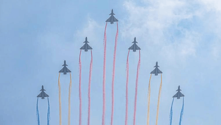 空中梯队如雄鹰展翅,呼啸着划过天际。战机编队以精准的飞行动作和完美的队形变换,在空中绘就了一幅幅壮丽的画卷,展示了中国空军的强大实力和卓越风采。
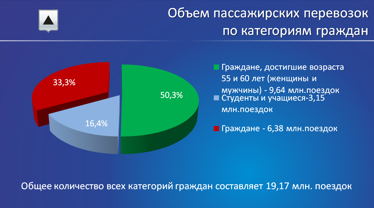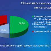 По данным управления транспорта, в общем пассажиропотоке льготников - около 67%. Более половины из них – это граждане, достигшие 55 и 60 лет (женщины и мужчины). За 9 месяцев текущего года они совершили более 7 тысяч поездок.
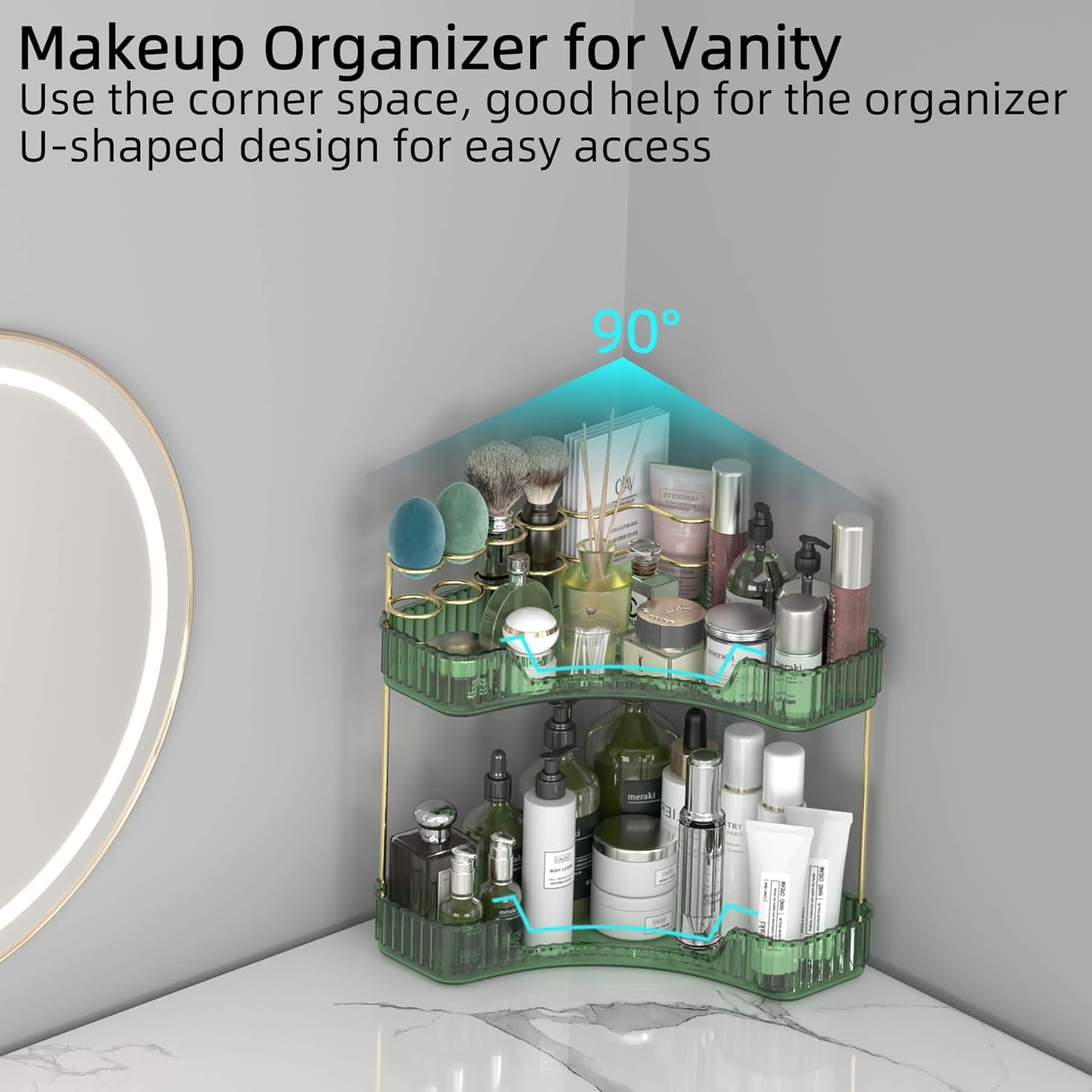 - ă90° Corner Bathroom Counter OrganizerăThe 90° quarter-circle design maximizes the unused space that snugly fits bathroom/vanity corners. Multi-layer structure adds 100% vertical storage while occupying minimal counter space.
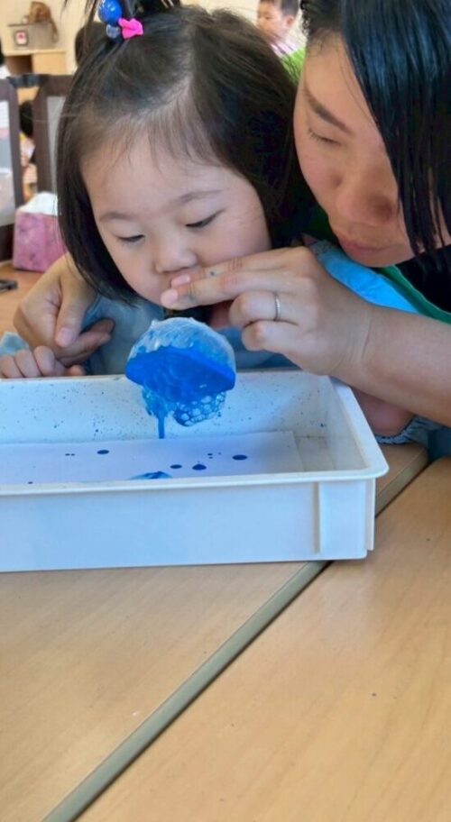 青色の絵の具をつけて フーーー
- - -
(Your task):
The data above must be copied exactly. Leave out the pictures.

(Result of this exercise):
 空中梯队如雄鹰展翅,呼啸着划过天际。战机编队以精准的飞行动作和完美的队形变换,在空中绘就了一幅幅壮丽的画卷,展示了中国空军的强大实力和卓越风采。
 По данным управления транспорта, в общем пассажиропотоке льготников - около 67%. Более половины из них – это граждане, достигшие 55 и 60 лет (женщины и мужчины). За 9 месяцев текущего года они совершили более 7 тысяч поездок.
 - ă90° Corner Bathroom Counter OrganizerăThe 90° quarter-circle design maximizes the unused space that snugly fits bathroom/vanity corners. Multi-layer structure adds 100% vertical storage while occupying minimal counter space.
 青色の絵の具をつけて フーーー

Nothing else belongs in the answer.